Silverbridge Harps Gaelic Football Club (Cláirsigh Bhéal Atha an Airgid) is a Gaelic football club in southern County Armagh, Northern Ireland. It is based in the parish of Upper Creggan, including the village of Silverbridge and surrounding townlands. Silverbridge plays at Keeley Park (Páirc Uí Chaolla), as part of the Armagh GAA and is currently in the Armagh Senior Football Championship.

==History==
The first GAA club in the parish, the Carnally William Orr's, was established in 1887, as one of the earliest in Armagh.
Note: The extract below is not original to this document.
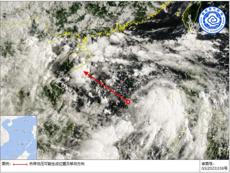 图南海热带低压可能生成位置及移动方向示意图(底图为风云四号卫星云图)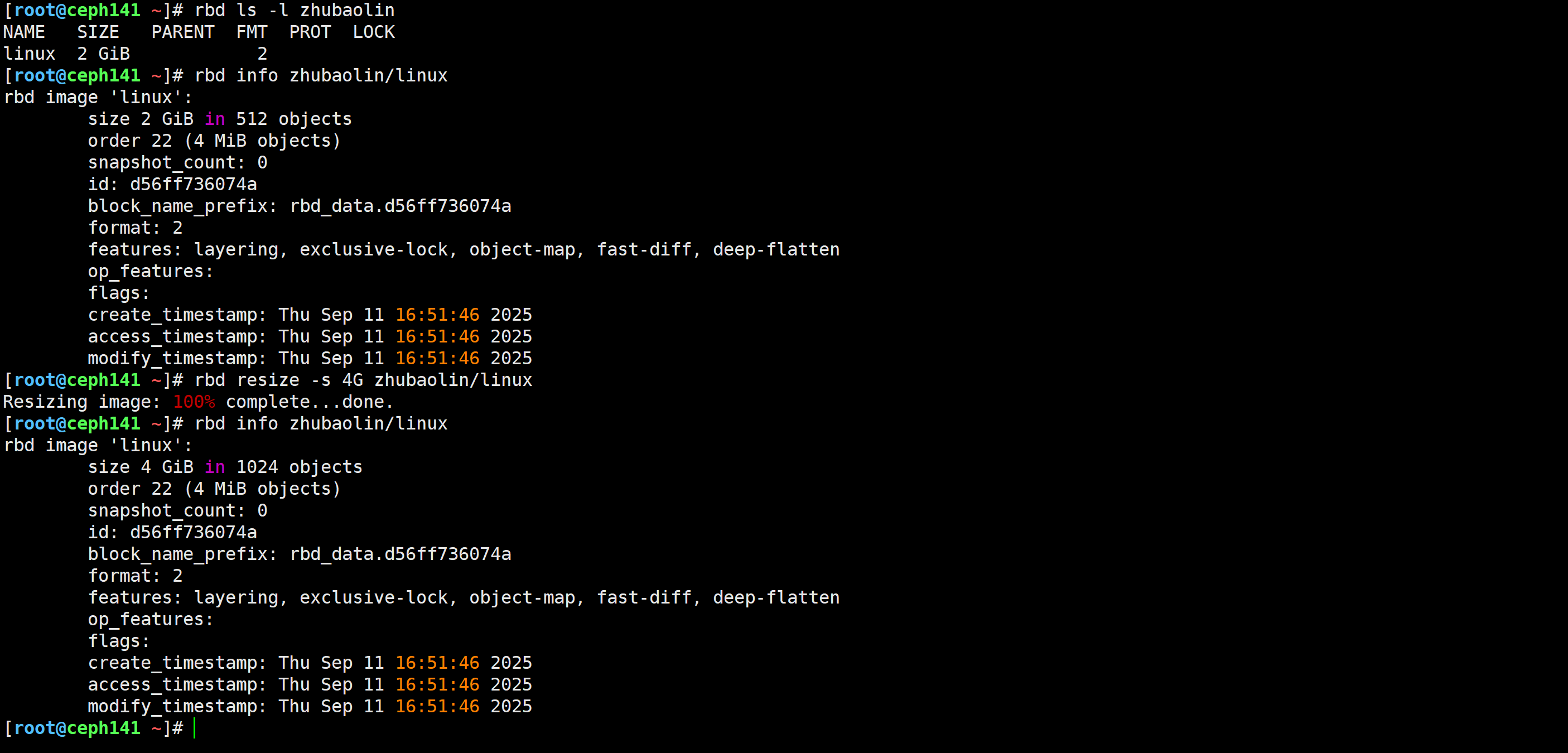[root@ceph141 ~]# rbd resize -s 4G zhubaolin/linux

This club dissolved after the 1888 Annual Congress and the Parnell split. A revived team, Silverbridge, played for one season in 1906, but although football continued in the locality, it was not until about 1920 that the club reformed. This club reached the semi-final of the Armagh Senior Football Championship in 1924.

A new Silverbridge Harps club was organised in September 1935, and in 1937 reached the county Junior Championship Final. The club then disappeared but was again reformed in 1942. In 1945, a Silverbridge selection including players from two other Junior clubs, Whitecross and Mullaghbawn, reached the Senior Championship Final only to lose to St Malachy's of Armagh city.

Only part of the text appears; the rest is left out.